OK. The subject line isn't really true. I DO want my alcoholic husband to quit drinking, but there's a big part of me that mourns the loss of "Fun Bobby" (Friends reference, I hope y'all get it). He has decided completely on his own to quit drinking and start attending AA. While I fully support him and KNOW he has to quit for his health among other things, I have secret thoughts of sadness. We recently visited Paris and spent an evening on the lawn in front of the Eiffel Tower with a picnic and several bottles of wine. It was delightful. We love attending football games and tailgating - and of course beer is a big part of that. I am definitely not an alcoholic myself, so it is hard for me to understand his addiction. I go weeks without a drink, but then there are times when nothing is more satisfying than sharing a bottle of wine over a nice dinner. I'm gonna miss that.

My husband is a happy drunk. He has a very successful career and is sweet and kind and loving. BUT he drinks. Every night. A lot.

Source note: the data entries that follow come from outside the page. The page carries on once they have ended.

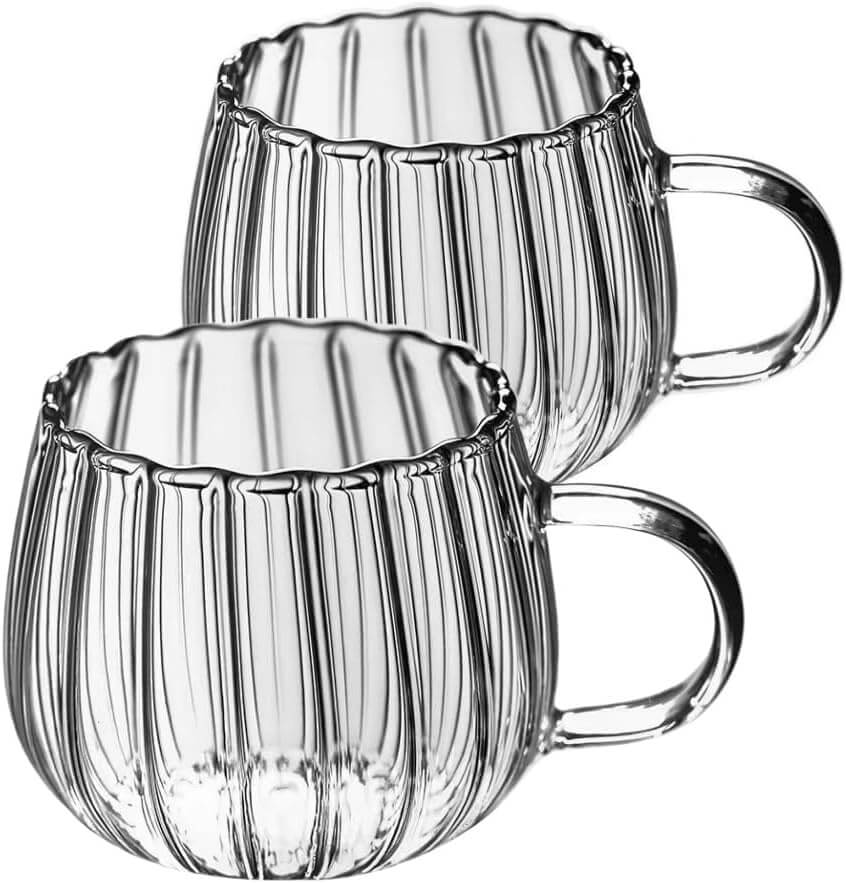 Zehaiwl 耐熱ガラス マグカップ 耐熱マグカップ コーヒーカップ ティーカップ ガラスカップ グラス 食洗機対応 (ライン,ペアセット)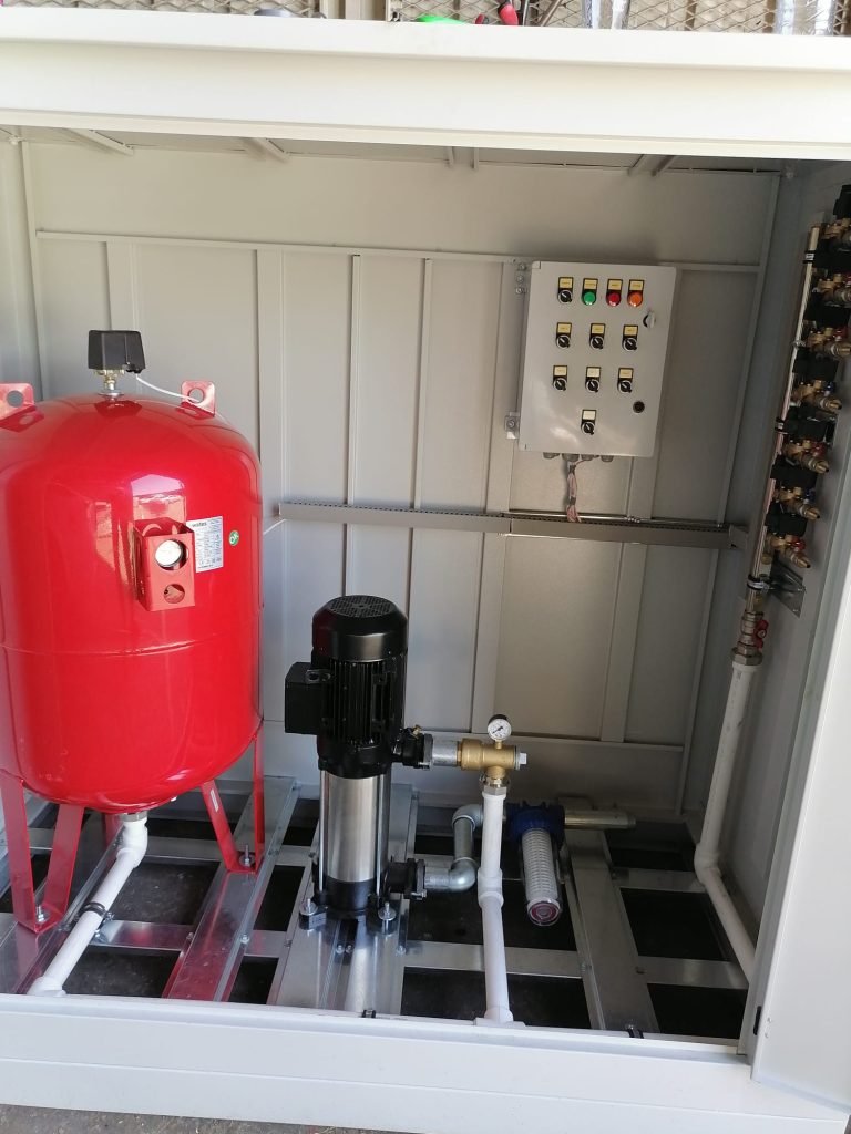 Sistemde mevcut olan tahliye fonksiyonu sayesinde; sistem kapatıldığında tahliye sistemi otomatik olarak devreye girerek panel içindeki hatlara ve su hatlarına, Nozzle’lara basınçlı hava vererek su geçen tüm hatları temizler. Bu sayede tıkanma ve donma kesinlikle engellenmektedir. Yüksek basınçlı sistemlerde su basıncının yüksek olmasından dolayı herhangi bir tıkanma söz konusu olmamaktadır.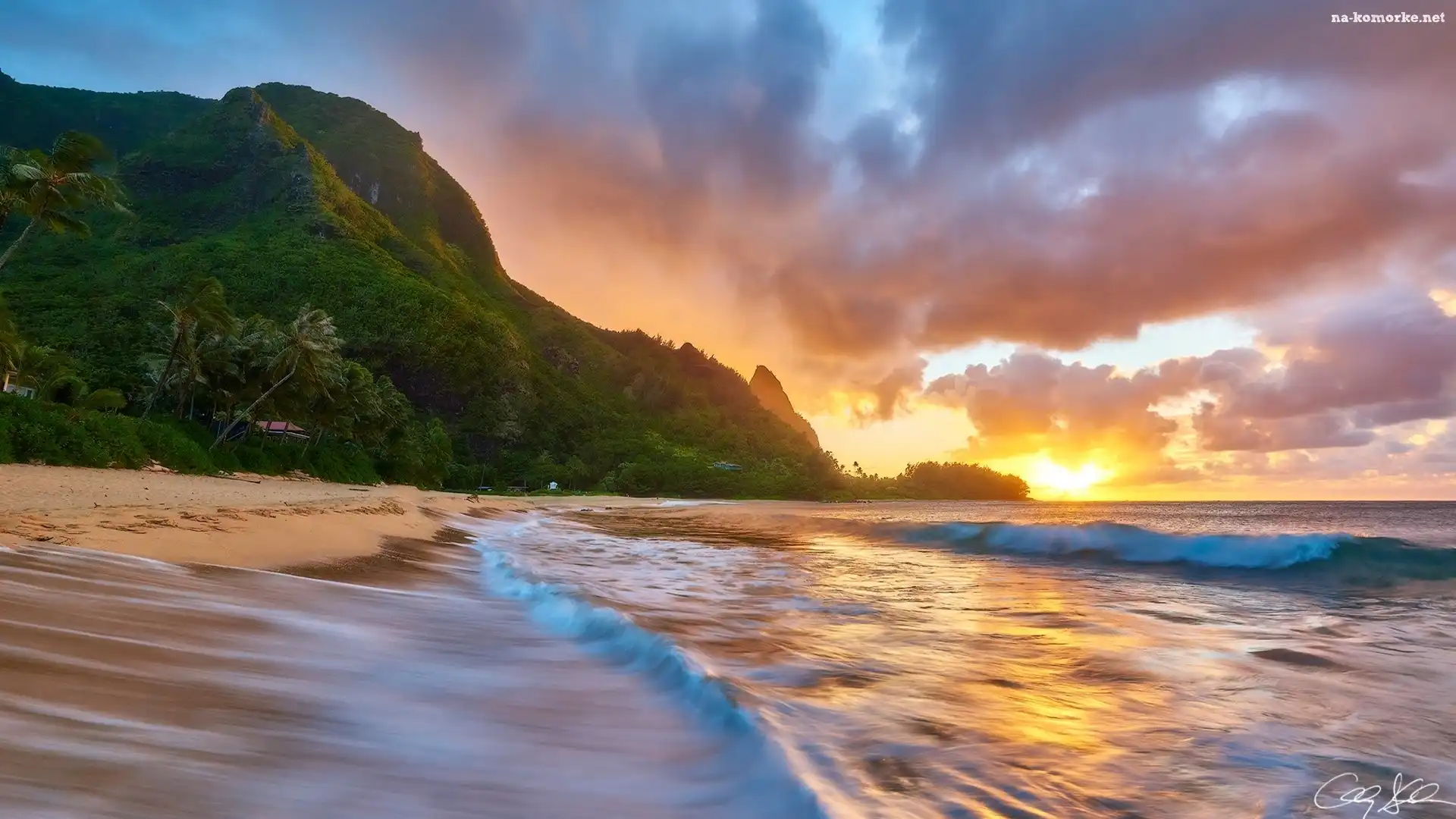 Hawaje, Wschód słońca, Chmury, Morze, Plaża, Palmy, Wzgórza na Komórkę

He doesn't so much go to bed as he passes out. But then he gets up in the morning bright-eyed and bushytailed singing in the shower and goes off to work. So, I think it would be easier to want him to quit drinking if he was violent or didn't do well on his job or distant or any of the other things some spouses of alcoholics must endure.

I feel so guilty having these selfish thoughts. Please tell me I'm not the only spouse that feels this way. How do I cope?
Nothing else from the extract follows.